The company has also found flaws in the system, for which it tries to compensate. For example, sometimes doctors practice "defensive medicine," and order more CAT scans and X-rays than are necessary. Meanwhile, companies don't talk to their employees enough about health care coverage, so employees make poor choices sometimes.
Delphi also tracks historical data. For example, the cost of MRIs has risen seven-fold in the past 15 years in the Tampa Bay area.
Which hospitals, doctors and clinics should someone choose? That's where Delphi comes in. It matches the ailment and needs of the patient with the best health care providers. It does so with an eye on costs, which saves employers and their staffs money. Clients pay Delphi on an employee-per-month basis to assist them.
Revenues at Delphi soared 400% in 2007 and should double this year. Rob Pariseau, president of Benefit Solutions Group in Tampa, called medical advocacy "the missing link" in American health care.

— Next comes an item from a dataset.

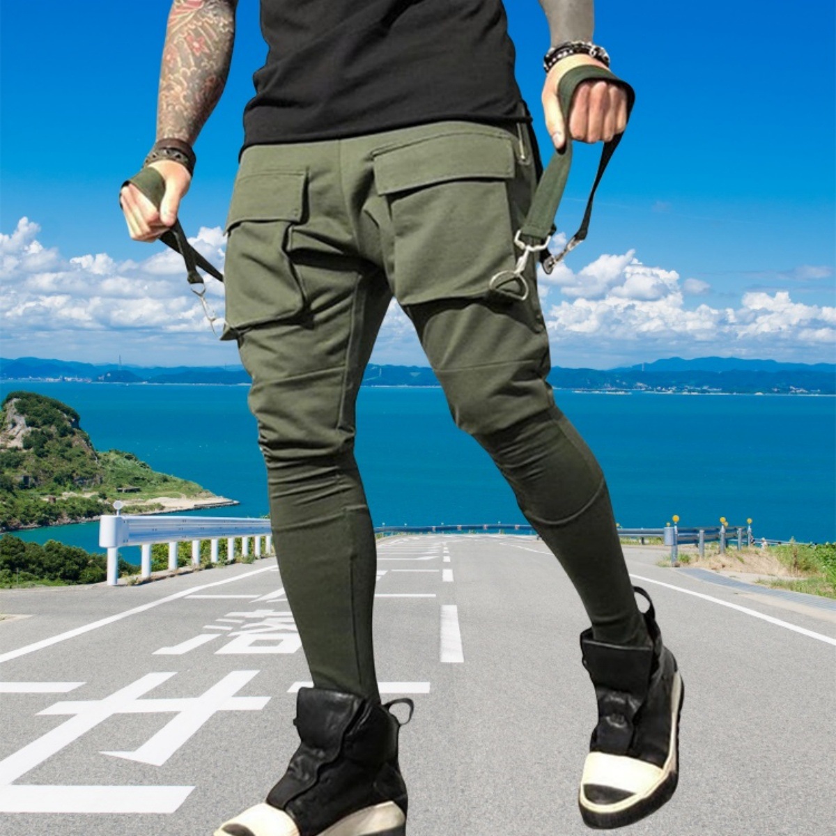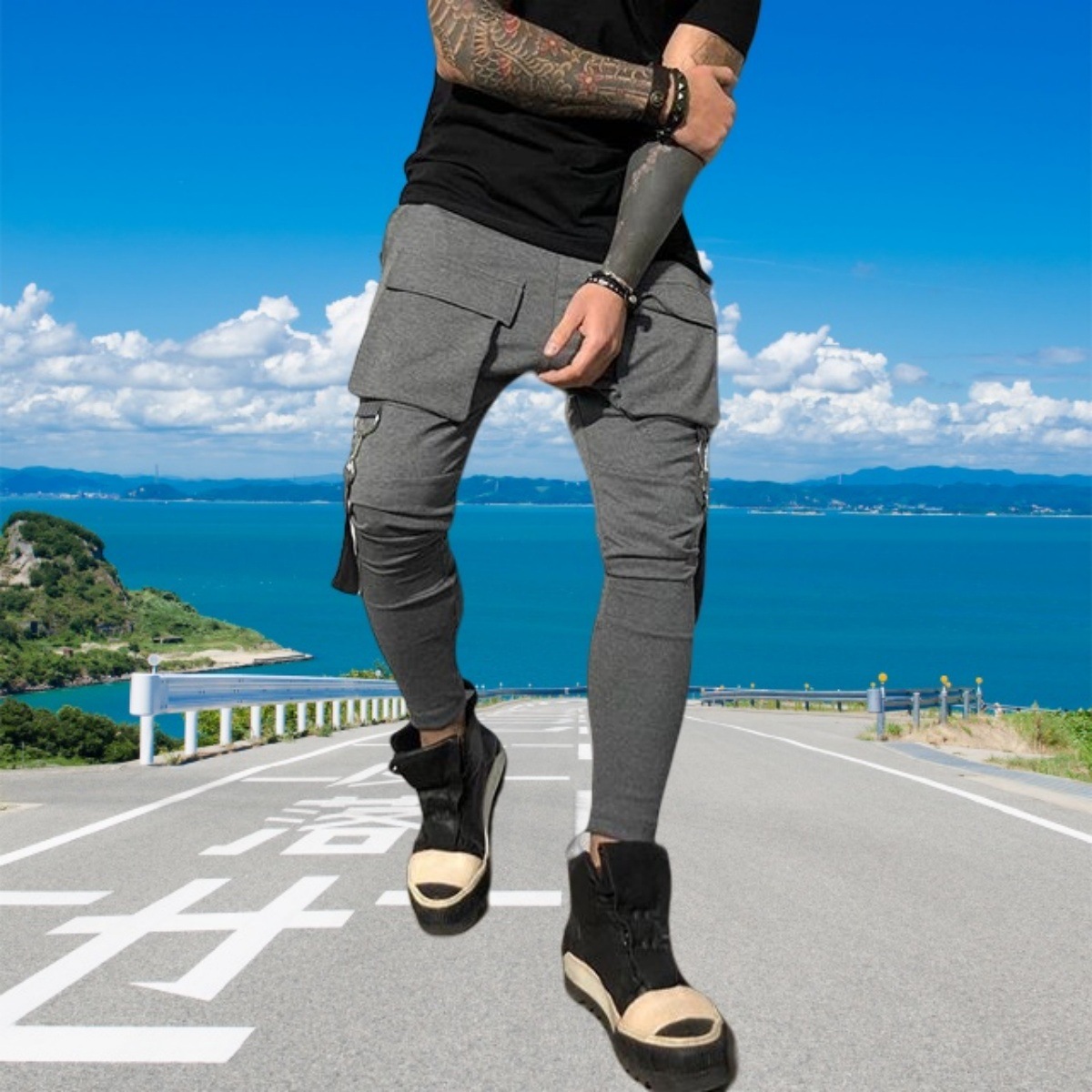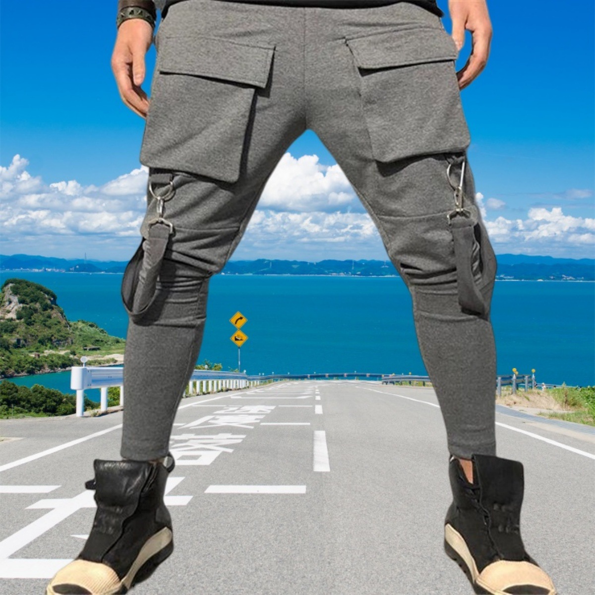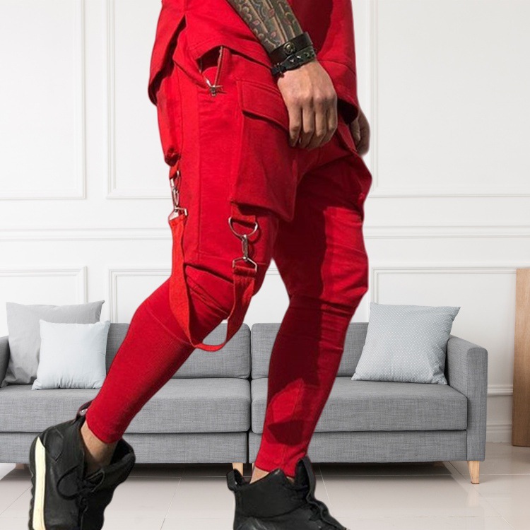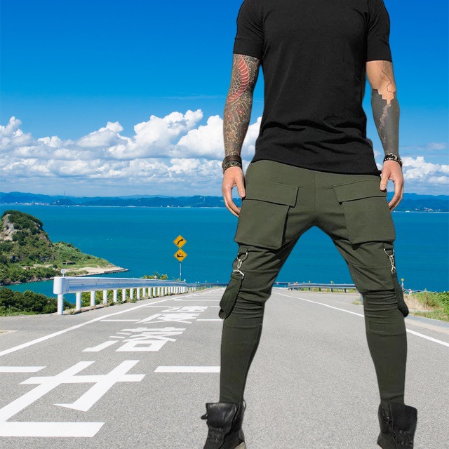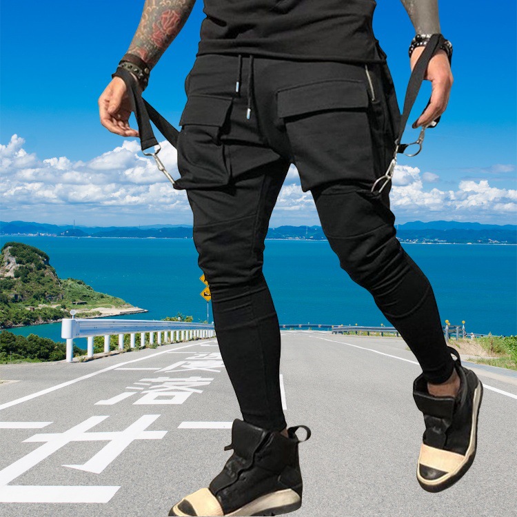 국경 새 봄과 가을 남자 풋리스 바지 남자 패션 올 매치 힙합 대형 포켓 캐주얼 스포츠 바지스토어 가기

Americans are unprepared for and fearful of the health care system. All too often, they make medical mistakes that lead to unnecessary suffering and wasteful spending by employees and employers.
That's where Delphi's medical advocacy program comes in, trying to help patients get the right care, in the right place, the first time.
"It's the first win/win in health care in decades," Pariseau says.
Looking ahead, Dillabough expects Delphi to have 100,000 members in about a year and about 1 million members three or four years from now.
Its vision is to help consumers be better purchasers of health care. That means knowing costs and health care services so employers and their staffs can make the right purchases.